Сейчас я уже не в силах восстановить в памяти строгую
хронологического последовательность написания рассказов, вошедших в
сборник. Какие-то из них были созданы до начала атомной эры, другие - на
ее заре. Впрочем, хронология не имеет особого значения. Крушение иллюзий
было вызвано войной; Хиросима и Нагасаки лишь довершили и углубили его.
"Город" не был задуман как протест (что толку от протестов?), это был
поиск фантастического мира, способного противостоять миру реальному.
Возможно, в глубине души мне хотелось создать такой мир, где я сам и
другие разуверившиеся люди могли бы хоть ненадолго укрыться от жизни, в
которой мы вынуждены жить. Кто-то назвал этот сборник "обвинительным актом
человечеству"; такое определение не приходило мне в голову, когда я писал
рассказы, но я с ним согласен и считаю, что у меня были и есть причины
предъявить человечеству обвинительный акт. А в то время я думал и не раз
говорил друзьям, что населил свою Землю псами и роботами оттого, что
потерял веру в человечество и в его способность жить в мире. Приговор,
конечно, суровый, и, казалось бы, теперь, по прошествии стольких лет, я
мог бы его смягчить, но, честно говоря, не вижу оснований. Наша
собственная страна успела за это время ввязаться в две крупные войны, так
что будущим историкам придется долго и упорно трудиться, если они захотят
найти во второй половине нашего столетия более или менее устойчивый мирный
период. Я, конечно, понимаю, что уже тридцать лет страны планеты стараются
притерпеться друг к другу (хотя бы из боязни) и тем самым держат на
поводке ядерные силы. Но это не такой уж многообещающий признак, как может
показаться. Вот если ядерное оружие не будет спущено с поводка еще лет
тридцать, тогда можно будет говорить о каких-то надеждах.
В сборнике "Город" я писал об увлечении людей механической
цивилизацией.
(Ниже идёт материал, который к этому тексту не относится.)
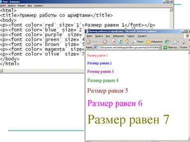 Служит для указания размера шрифта в условных единицах от 1 до 7. Принято считать, что размер «нормального» шрифта соответствует числу 3.
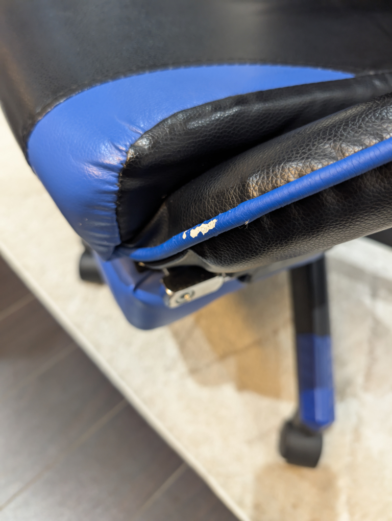 Selling a used X Rocker X Pro gaming chair in blue and black. It has a footrest and headrest for extra comfort during those long gaming sessions. There are some signs of wear, as shown in the photos, but it's still in good working condition and super comfy!
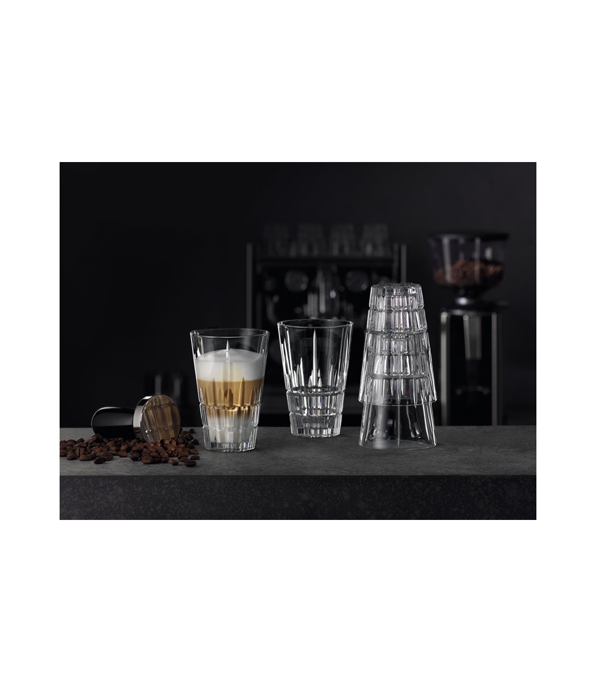 El set incluye 4 vasos Latte Macchiato Perfect Serve, perfectos para quienes disfrutan del café con una experiencia visual y sensorial superior.
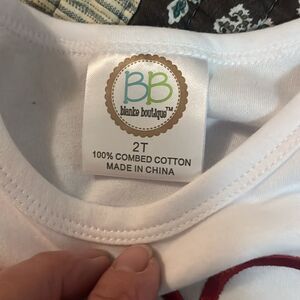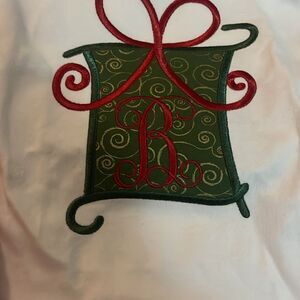 Christmas size 2 pants set from a boutique the initial B monogrammed on the front long, sleeved white shirt. The pants are red with gold, dots, and green bellbottoms at the bottom that match the shirt new without tags never worn.

Другие писатели, да и сам я тоже, не оставляют этой темы и
по сей день, только называют иначе - технологическим обществом. Нет ничего
дурного в технике как таковой, дурно лишь наше бездумное увлечение ею. Мы
обожествляем машины; в каком-то смысле мы продали им свои души. Уже в те
годы, когда создавались рассказы "Города", я чувствовал, что существуют
другие, высшие ценности, помимо тех, что несет с собой технический
прогресс. Я и поныне в этом уверен. Есть люди, которые ненавидят машины за
то, что они поглощают невосполнимые земные ресурсы. Но на мой взгляд,
опасность гораздо шире. Меня больше всего беспокоит то, что под влиянием
техники наше общество и мировосприятие теряют человечность.
Действие в преданиях, составляющих сборник (в первых из них),
разворачивается на фоне упадка и исчезновения городов. Я был убежден тогда
и еще сильнее убежден теперь, что города - анахронизм, от которого нам
пора избавляться. В последние годы кризис городов стал еще очевиднее.
Типичный современный город - это блестящий центр, окруженный
разрастающимися кольцами гетто. Когда-то давно, когда средства связи и
транспорт были примитивны и медлительны, в существовании городов был свой
смысл. Поначалу люди сбивались в них ради безопасности, позже чтобы
удобнее было вести дела. Теперь города утратили функцию защитного
сооружения; большей частью за городом жить даже безопаснее, чем в его
стенах. А современные средства связи упразднили необходимость жить по
соседству со своим деловым партнером. Для деловых операций совершенно
неважно, где находится ваш партнер - на соседней улице или за несколько
тысяч миль. Город пережил свое предназначение; поддерживать в нем жизнь
накладно, жить неуютно, а дышать нечем.
В этом смысле мои взгляды не изменились за тридцать лет, прошедших
после написания сборника. Годы могли смягчить мое представление о будущем,
но не изменили его.
Правда, хотя мои представления и составили философскую основу
рассказов, я вовсе не уверен в том, что все они сбудутся. Я был бы
разочарован, если бы они сбылись, поскольку как тогда, так и теперь
полагаю себя отнюдь не предводителем на белом коне, но сочинителем
развлекательных историй. Если слишком многое из того, что я насочинял,
начнет сбываться в реальности, то я буду считать, что не состоялся как
писатель - а, уверяю вас, моим единственным желанием, ради которого я
трудился искренне и настойчиво, было стать настоящим рассказчиком.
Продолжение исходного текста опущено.